### Explored:
- PySpark Dataframe
- Creating a Spark Session
- Reading the dataset
- Making Column Headers
- Used type(), head(), printSchema(), inferSchema(), show(), describe()
- Selecting Columns
- Checking the Datatypes of column
- Adding Columns
- Dropping Columns
- Renaming Columns

In [44]:
import pyspark

In [45]:
import pandas as pd
pd.read_csv('test1.csv')

Unnamed: 0,Name,Age
0,Radhika,23
1,Shivam,24
2,Aashi,18


In [46]:
#always create a spark session
from pyspark.sql import SparkSession

In [47]:
spark = SparkSession.builder.appName("Practice").getOrCreate()

In [48]:
spark

In [49]:
#reading a dataset w.r.t spark
df_pyspark = spark.read.csv('test1.csv')

In [50]:
df_pyspark   #shows 2 columns c0 and c1

DataFrame[_c0: string, _c1: string]

In [51]:
#shows the entire dataset
df_pyspark.show()  

+-------+---+
|    _c0|_c1|
+-------+---+
|   Name|Age|
|Radhika| 23|
| Shivam| 24|
|  Aashi| 18|
+-------+---+



In [52]:
#want to make Name and Age as our column headers

In [53]:
#making column name and age as our main headings
df_pyspark = spark.read.option('header', 'true').csv('test1.csv')

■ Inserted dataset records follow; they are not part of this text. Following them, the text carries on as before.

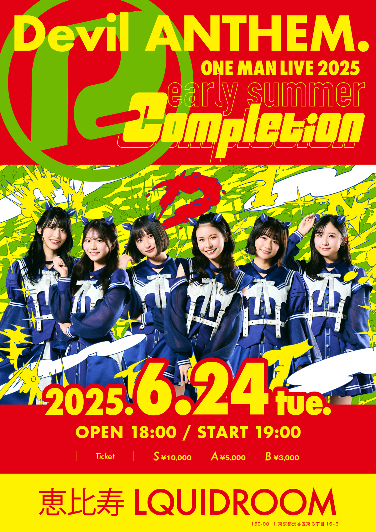 6月24日(火)に開催されるワンマンライブ『Devil ANTHEM. ONE MAN LIVE 2025〜early summer〜「R-Completion」』のBチケット(¥3,000)を最速販売致します。
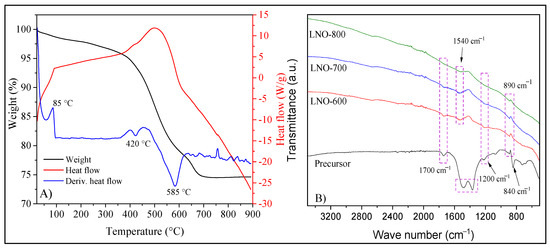 To complement the characterization, the different LaNiO3 samples, as well as the precursor powder (prior calcination), were characterized by thermogravimetric (TG), differential thermal (DT), and infrared spectroscopy using the ATR-FTIR arrange. Figure 5A shows the TG and DT analyses of precursor. These curves evidence the dehydration process (85 °C) and the decomposition of all the remaining nitrates and organic compounds at 420 and 585 °C. Based on that, 600 °C was established as the lowest temperature used for the LaNiO3 calcination. In addition, the ATR-FTIR spectra did show some minor differences among the samples (Figure 5B). The vibration bands observed between 1500 and 1400 cm−1 and the less intense band at 840 cm–1 indicate the presence of coordinated nitrates. These signals tended to disappear after calcination, indicating that this precursor decomposes to give rise to the desired phase [35]. Likewise, the bands at 1700 and 1540 cm−1 are associated with the vibration of the C=O bond, while the vibration bands at 1200 and 890 cm−1 refer to the C–O and the C–O–H bonds, respectively [36,37]. These bonds arise from the complexing precursors (EDTA and citric acid). Their intensities decrease until some of them disappear in the sample calcined at 800 °C, indicating the complete calcination of the precursors. However, the bands at 1440 and 890 cm−1 remain in all the samples, and these signals can be attributed to the adsorption of H2O and CO2 from the atmosphere since in TG analyses (Figure 5A) did not show any mass loss at temperatures higher than 700 °C [38,39].
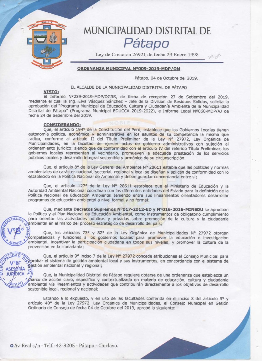 Programa Municipal de Educación, Cultura y Ciudadanía Ambiental de la Municipalidad Distrital de Pátapo 2019 – 2022
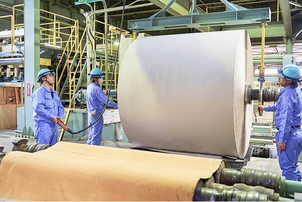 抄紙機は24時間稼働しているので、常に板紙が生産され続けています。
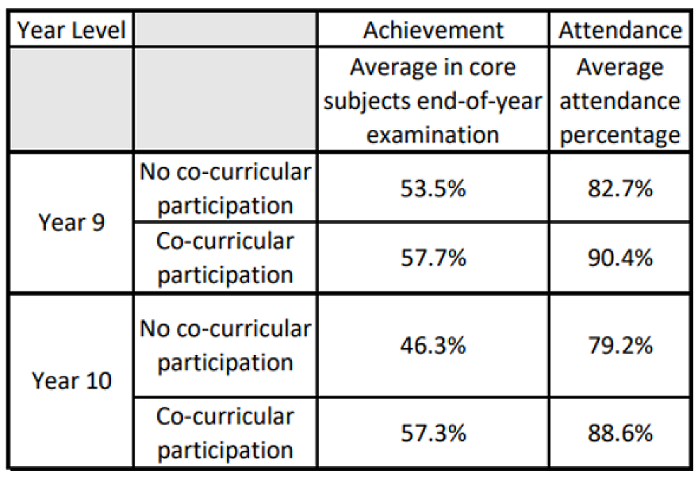 In the junior school (Year 9 and Year 10) we looked at the achievement, measured by the average mark in the end-of-year examinations across the core subjects (English, mathematics, science and social studies), and attendance of young men involved in co-curricular activities compared to those who are not involved. This data is shown in the table below:

#1st row value will now be considered as header

In [54]:
#using .show() to view
df_pyspark.show()

+-------+---+
|   Name|Age|
+-------+---+
|Radhika| 23|
| Shivam| 24|
|  Aashi| 18|
+-------+---+



In [55]:
#using type
type(df_pyspark)

pyspark.sql.dataframe.DataFrame

In [56]:
#using head()
df_pyspark.head(3)

[Row(Name='Radhika', Age='23'),
 Row(Name='Shivam', Age='24'),
 Row(Name='Aashi', Age='18')]

In [57]:
#using printSchema() to see more info abt columns
#checking the schema
df_pyspark.printSchema()

root
 |-- Name: string (nullable = true)
 |-- Age: string (nullable = true)



In [58]:
#It's taking Name & Age as String - because by default,it considers all as String 

In [59]:
#Using inferSchema in reading the dataset
df_pyspark = spark.read.option('header', 'true').csv('test1.csv', inferSchema=True)
df_pyspark.printSchema()

root
 |-- Name: string (nullable = true)
 |-- Age: integer (nullable = true)



In [60]:
#trying to include both header & inferSchema in one
df_pyspark= spark.read.csv('test1.csv', header=True, inferSchema=True)
df_pyspark.show()

+-------+---+
|   Name|Age|
+-------+---+
|Radhika| 23|
| Shivam| 24|
|  Aashi| 18|
+-------+---+



In [61]:
df_pyspark.printSchema()

root
 |-- Name: string (nullable = true)
 |-- Age: integer (nullable = true)



In [62]:
#checking type
type(df_pyspark)

pyspark.sql.dataframe.DataFrame

In [63]:
#getting column names
df_pyspark.columns

['Name', 'Age']

In [64]:
#selecting a particular column
df_pyspark.select('Name').show()

+-------+
|   Name|
+-------+
|Radhika|
| Shivam|
|  Aashi|
+-------+



In [65]:
#selecting more than 1 column
df_pyspark.select(['Name', 'Age']).show()

+-------+---+
|   Name|Age|
+-------+---+
|Radhika| 23|
| Shivam| 24|
|  Aashi| 18|
+-------+---+



In [66]:
#checking the datatypes
df_pyspark.dtypes

[('Name', 'string'), ('Age', 'int')]

In [67]:
#using describe()
df_pyspark.describe().show()

+-------+------+------------------+
|summary|  Name|               Age|
+-------+------+------------------+
|  count|     3|                 3|
|   mean|  NULL|21.666666666666668|
| stddev|  NULL|3.2145502536643185|
|    min| Aashi|                18|
|    max|Shivam|                24|
+-------+------+------------------+



In [68]:
#adding Columns in dataframe
df_pyspark = df_pyspark.withColumn('Age after 2 years', df_pyspark['Age'] + 2)

In [70]:
df_pyspark.show()

+-------+---+-----------------+
|   Name|Age|Age after 2 years|
+-------+---+-----------------+
|Radhika| 23|               25|
| Shivam| 24|               26|
|  Aashi| 18|               20|
+-------+---+-----------------+



In [73]:
#dropping the columns
df_pyspark = df_pyspark.drop('Age after 2 years')

In [74]:
df_pyspark.show()

+-------+---+
|   Name|Age|
+-------+---+
|Radhika| 23|
| Shivam| 24|
|  Aashi| 18|
+-------+---+



In [75]:
#renaming the column
df_pyspark.withColumnRenamed('Name', 'NewName').show()

+-------+---+
|NewName|Age|
+-------+---+
|Radhika| 23|
| Shivam| 24|
|  Aashi| 18|
+-------+---+